Given this, I believe Atlassian should provide a method for validating the dynamic modules (either before or after installation). While vendors can attempt to validate a portion of the payload themselves, some of the data required to validate is only accessible to Atlassian (and in any case, this would save every vendor from having to reinvent the same wheel).

Hi @scott.dudley - please see this reply from Julia.

We will be exploring how to make the solution more robust from a caching perspective post EAP and see how we can make this a more seamless process.

For validation, we will provide certain validators (e.g. in sdk) to ensure apps can verify structure of these modules etc. However, since we don’t own the underlying storage, we recommend apps validate counts/collisions etc themselves before persisting this data. We will be exploring mechanisms to notify apps if validations fail on Atlassian side post EAP as well.

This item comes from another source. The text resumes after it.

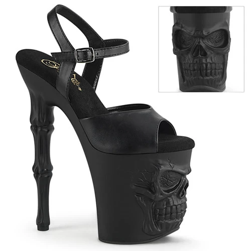8″ (200mm) Finger Bone Heel, 4″ (100mm) Platform Ankle Strap Sandal Featuring Skull & Bones Platform Bottom

Hi @SapanGupta and @JuliaDaehne

Thanks for the clarification. I think the response from Julia answers a different question though. The gist of the thread above seems to focus on minimizing cache misses (ie. not calling the vendor app too often), but that is the exact opposite of the problem I am referring to: how to ensure that the module list can be updated in a timely manner? If the answer to the cache invalidation question is truly “we don’t know”, then I would suggest that this be considered in-scope for this RFC as part of the answer to this question:

1. Is there anything critical you believe we are missing, or which should be reconsidered in the above proposal?

I suggest that Atlassian’s SLA for applying any dynamic module changes be a maximum of 60 seconds from when the app wants to make a change. For comparison, in Connect, module changes are applied almost instantly. Even a five-minute delay is too long (users who are expecting to be able to see certain features will no longer be able to do so quickly).

I also do not believe that it is reasonable to poll the app’s function every 5 minutes either, given that this could generate costs for the vendor in terms of compute and potentially KVS (so it is true that vendors also care about cache misses).

In short, I do not see any possible way to address both of these issues simultaneously with the new method.

The API-based approach first suggested in RFC-95 seems far superior from a vendor perspective, because it addresses all of these problems simply and without significant cost, and it also allows for immediate validation feedback too.

I definitely appreciate the shift to allowing 100 dynamic modules per app rather than per tenant, but the function-based approach here feels like a step backwards. Is there a specific problem that Atlassian is hoping to address by moving to this approach?

Hi @scott.dudley

Thanks a lot for your feedback, we really appreciate it. We’re doing a proof of concept around the approach proposed in this RFC at the moment and will provide an update once we have more details on cache TTL and invalidation strategies on our side.